No. 03 · April 2026 · 7 min read

I spent the last year or so building ML systems at a large enterprise SaaS platform. Agents, RAG, semantic search. The platform had tens of millions of documents. Employee records, payroll, tax and compliance data. Sensitive stuff.

The models were fine. The infra was fine. The team was good. The problem was that we had almost no way to learn from how people were actually using what we built.

To be clear, that's not a complaint. When your platform holds millions of people's employment records you don't just pipe that into a training set. Client agreements exist for a reason. Privacy regulations exist for a reason. Those restrictions are protecting real people and that matters.

But it puts you in a weird position as an ML engineer. You're building systems to help real users but you can't observe real usage. You can't see how people phrase their questions. You can't study which searches return nothing. You can't build feedback loops because the feedback itself contains the data you're not allowed to look at.

So you do what everyone does. Engineers write synthetic queries. You generate training data based on what you think users might ask. You put together eval sets that seem reasonable but deep down you know aren't grounded in anything real. You ship it. It works okay.

This is not a niche problem. It's everywhere.

Samsung found this out the hard way when their engineers started pasting proprietary source code and internal meeting notes into ChatGPT to get help with debugging and documentation. Three separate leaks in under a month. Samsung's response was to ban ChatGPT entirely. That's the current state of the art in enterprise data protection: don't let the data near AI at all.

IBM's latest research shows that 72% of CEOs believe proprietary data is the key to unlocking generative AI value, but half admit their data environments can't actually support their AI ambitions. They know the data is the moat. They just can't use it.

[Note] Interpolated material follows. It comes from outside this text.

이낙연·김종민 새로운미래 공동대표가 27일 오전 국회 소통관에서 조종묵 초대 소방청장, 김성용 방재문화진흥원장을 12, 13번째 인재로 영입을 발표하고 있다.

And the numbers on the deployment side tell the same story. 79% of enterprises have adopted AI agents in some form, but only 11% have them in production. That gap isn't about model capability. It's about trust. Companies don't trust that their sensitive data will stay private once it enters an ML pipeline.

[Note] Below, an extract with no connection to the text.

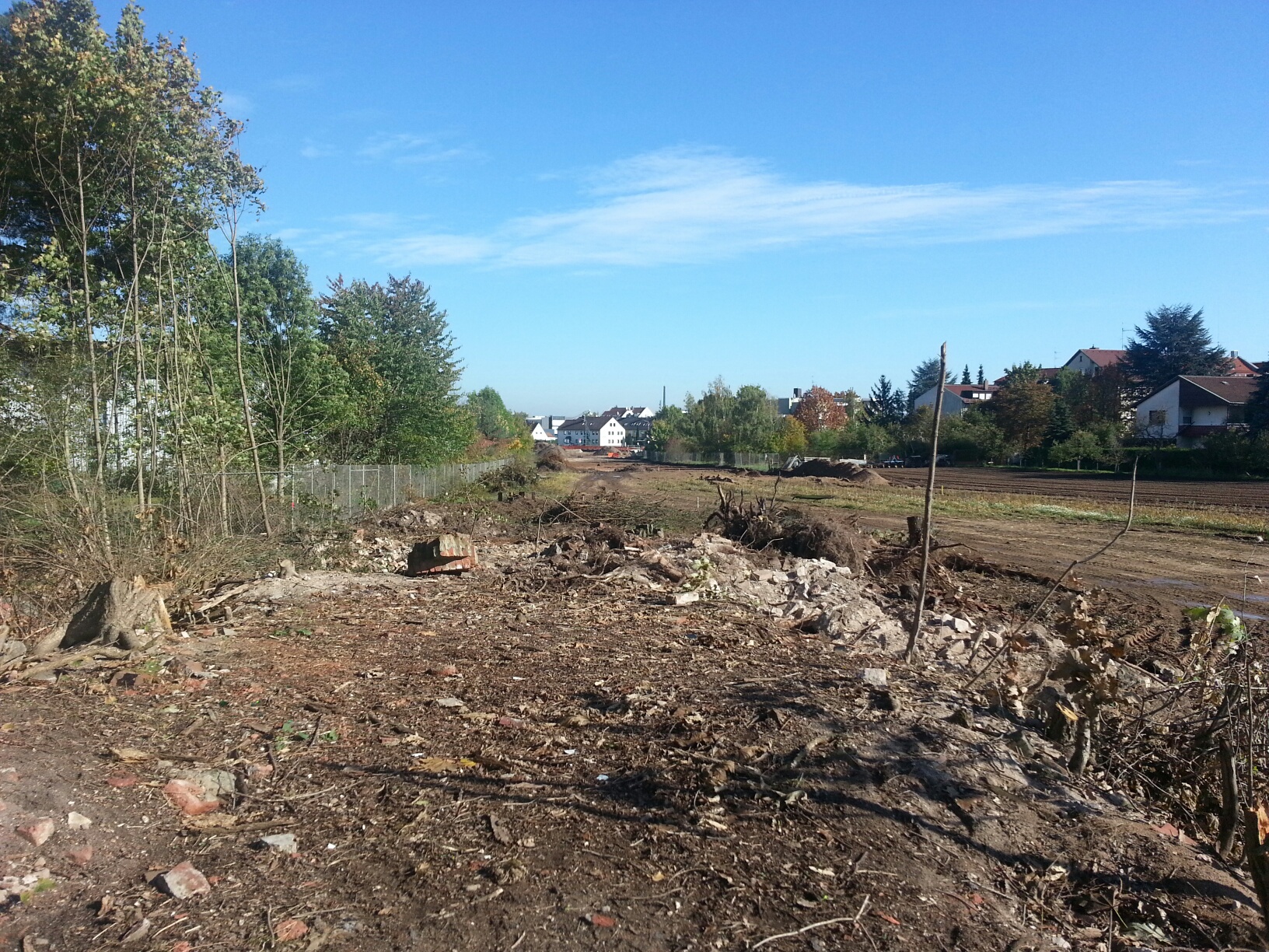 | Beschreibung | Zukünftige Trasse der Höfener Spange - Blick nach Nordosten auf Höhe der Hermann-Glockner-Straße nach Rodung, rechts im Bild Häuser der Lotharstraße | ||

The workarounds are all some version of the same compromise. You either use synthetic data that doesn't capture real distribution, or you anonymize production data so aggressively that it loses the signal you needed, or you just don't build the ML feature at all. I've done all three.

There's always this gap though. Between what you shipped and what you could have shipped if there was a way to safely learn from production without compromising anyone's privacy. You want to tune retrieval but you need real documents. You want human feedback but the feedback contains PII. You want to understand failure modes but the failed queries are just as sensitive as the successful ones.

Healthcare companies are sitting on patient data that could train diagnostic models that save lives. Banks have transaction histories that could transform fraud detection. Legal firms have case documents that would power the best retrieval systems in the world. HR platforms have workforce data that could predict retention and compensation trends across entire industries. The data is right there. The models are ready. There's just no safe bridge between them.

The industry talks a lot about foundation models and training compute and architecture choices. In my experience the thing that actually determines whether an enterprise ML system is useful to a real person is data access. Not volume. Access. Can you safely learn from real usage without breaking the trust that users put in you when they handed over their data.

Both sides of that tension are completely valid. That's why it's hard. That's also why I think it's one of the more interesting problems to work on right now.